E poi, in cerchi sempre più ampi: negare i crimini del comunismo, quelli vicini come le foibe e quelli lontani come le purghe staliniste; considerare il “nazifascismo” appunto come il male assoluto, mentre il comunismo come una grande e buona idea, seppur macchiata (però solo in modo contingente) da una perversa applicazione storica; ipotizzare una divisione netta tra bene e male, negando quella zona grigia che invece è tipica dell’uomo in generale e si ritrova anche in quegli uomini che, usciti dal fascismo, si adoperarono per ricostruire l’Italia; mantenere il pregiudizio che esista una élite (militare, politica, giudiziaria) democratica a cui un supremo destino ha assegnato il compito di condurre il popolo.

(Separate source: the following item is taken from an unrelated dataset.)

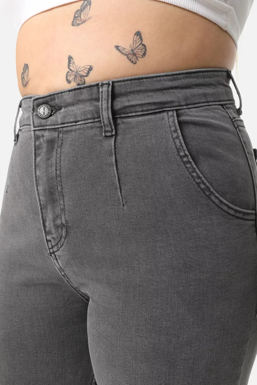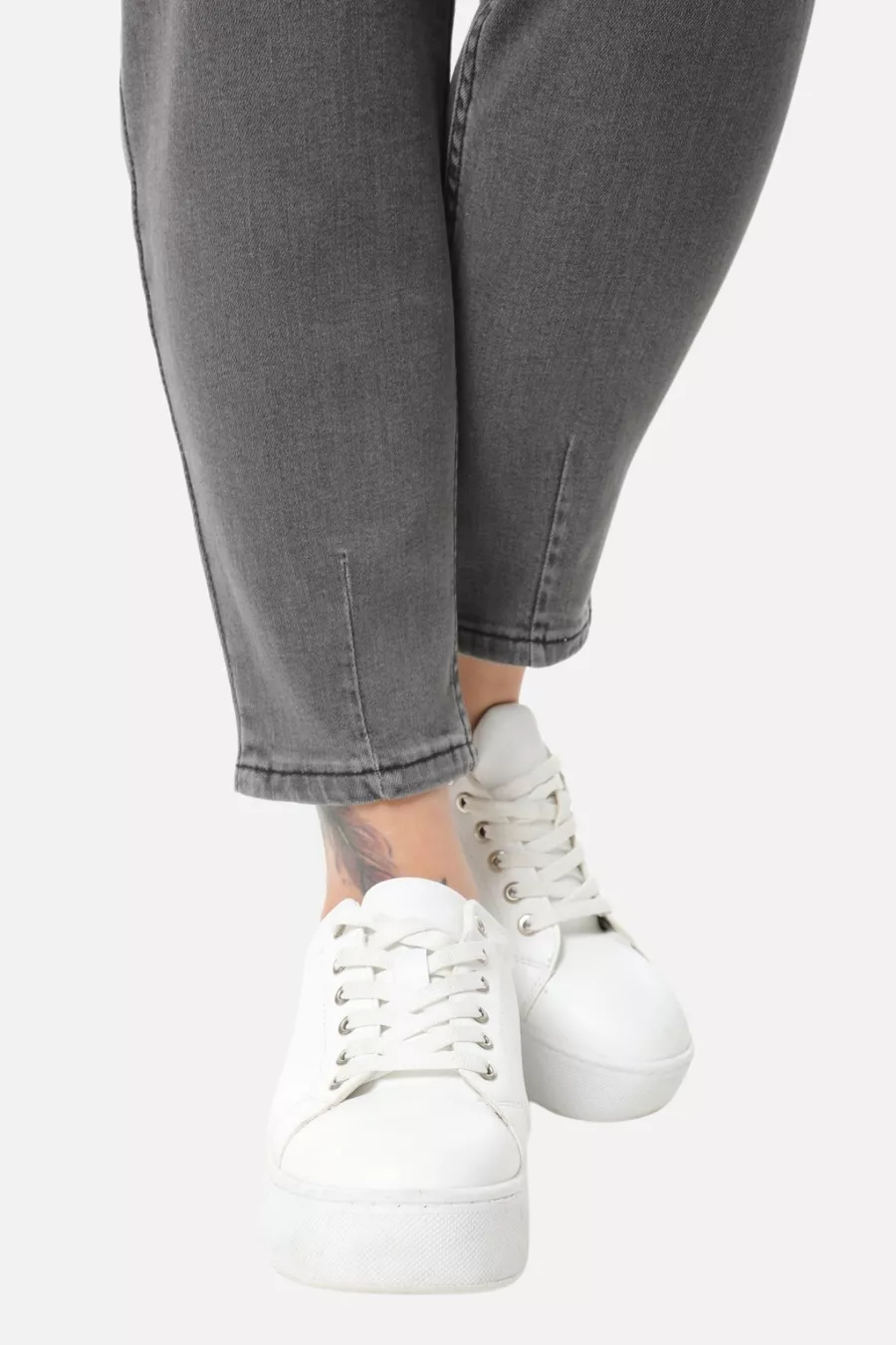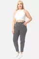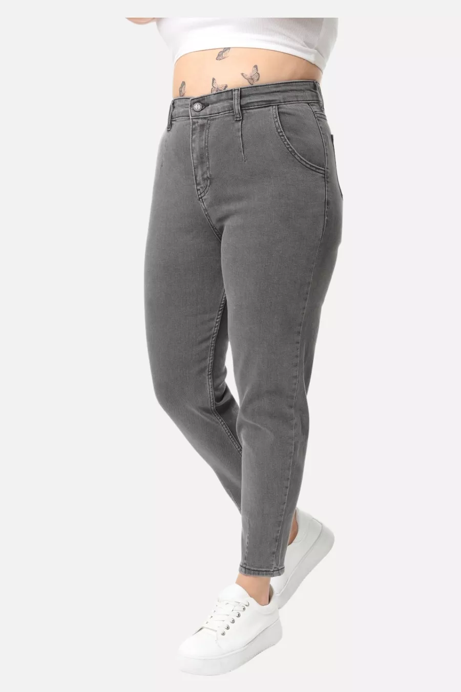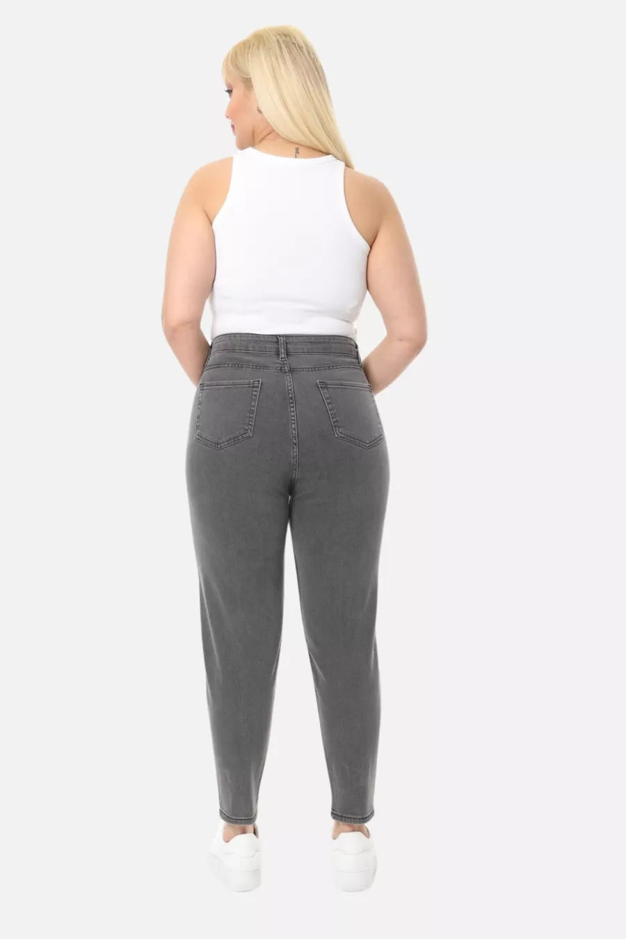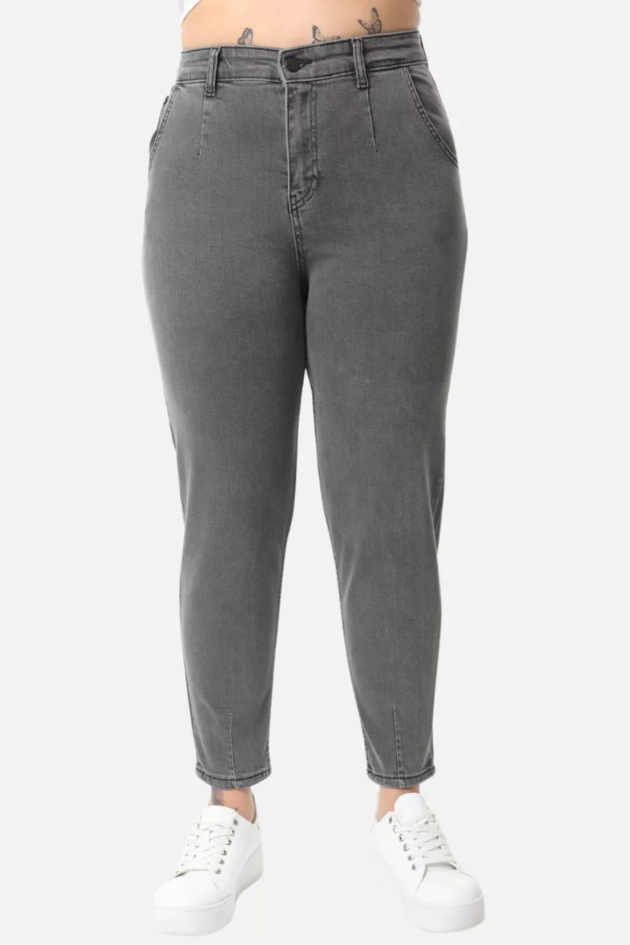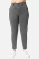 Mom Fit Jean Plus Size High Waist Carrot Cut Slim Leg Pleated Stretch Denim Pants -light gray

E infine: perpetrare l’idea che solo quanti incarnano il mito della Resistenza possano essere annoverati tra i democratici, mentre gli altri debbano essere considerati fascisti tout court; aver voluto costruire una nazione su un valore in negativo, appunto l’antifascismo, e quindi essere stati costretti a tener in vita per sessant’anni il fascismo, o peggio a inventarsi una categoria ontologica ed eterna come l’“ur-fascismo” per tenere in vita il suo contrario. Tutto ciò con la perversa idea che ancora oggi non si possa realizzare una vera alternanza, perché da un lato stanno i democratici e dall’altro i distruttori della democrazia.

Un’altra data

La riduzione della Resistenza a sineddoche della più ampia rivoluzione marxista (con tutti i vizi sopra esposti) e l’utilizzo dell’antifascismo come strumento per instaurare un’egemonia utile alla rivoluzione contrastano ovviamente con l’idea che il 25 Aprile possa essere celebrazione fondante dell’identità nazionale.

Nonostante gli sforzi e i soldi impegnati per oltre mezzo secolo, tesi alla ricostruzione forzata di una artificiosa memoria comune secondo le procedure che abbiamo fin qui accennato, la data resta fonte di forti divisioni. Non certo per revanchismo della destra. Al contrario, perché è stata fin da principio piegata a interessi di parte.

Prendere coscienza di ciò sarebbe un primo passo.

Il secondo, scandaloso ma coerente, sarebbe non sostenere con soldi pubblici “i centri di produzione del consenso”. Poiché l’antifascismo è assurto a dogma fondativo della patria per il disegno egemonico comunista (e ancora oggi in questo senso se ne fa uso), tanto vale inaridire le fonti da cui scaturisce questa distorsione interpretativa che è – si badi – di tipo politico e non storico. Sul piano storico negli ultimi tempi un sano revisionismo da entrambe le parti ha invece prodotto effetti positivi.

Terzo, varrebbe la pena di sforzarsi a trovare per il futuro una ricorrenza meno conflittuale del 25 Aprile. Compito difficile, considerata la storia del nostro paese, ma indispensabile per non radicare all’infinito inutili divisioni. D’altronde, ha ricordato Andrea Ungari sull’ultimo numero di Nuova Storia Contemporanea, l’identità italiana esiste a dispetto del fascismo, di due guerre mondiali, di un disastroso armistizio, di una guerra civile durata due anni. E pure a dispetto della mistica antifascista.

Esiste, c’è, significa che si fonda su valori ulteriori o non sempre coincidenti con quelli fin qui maneggiati dalla sinistra comunista e postcomunista.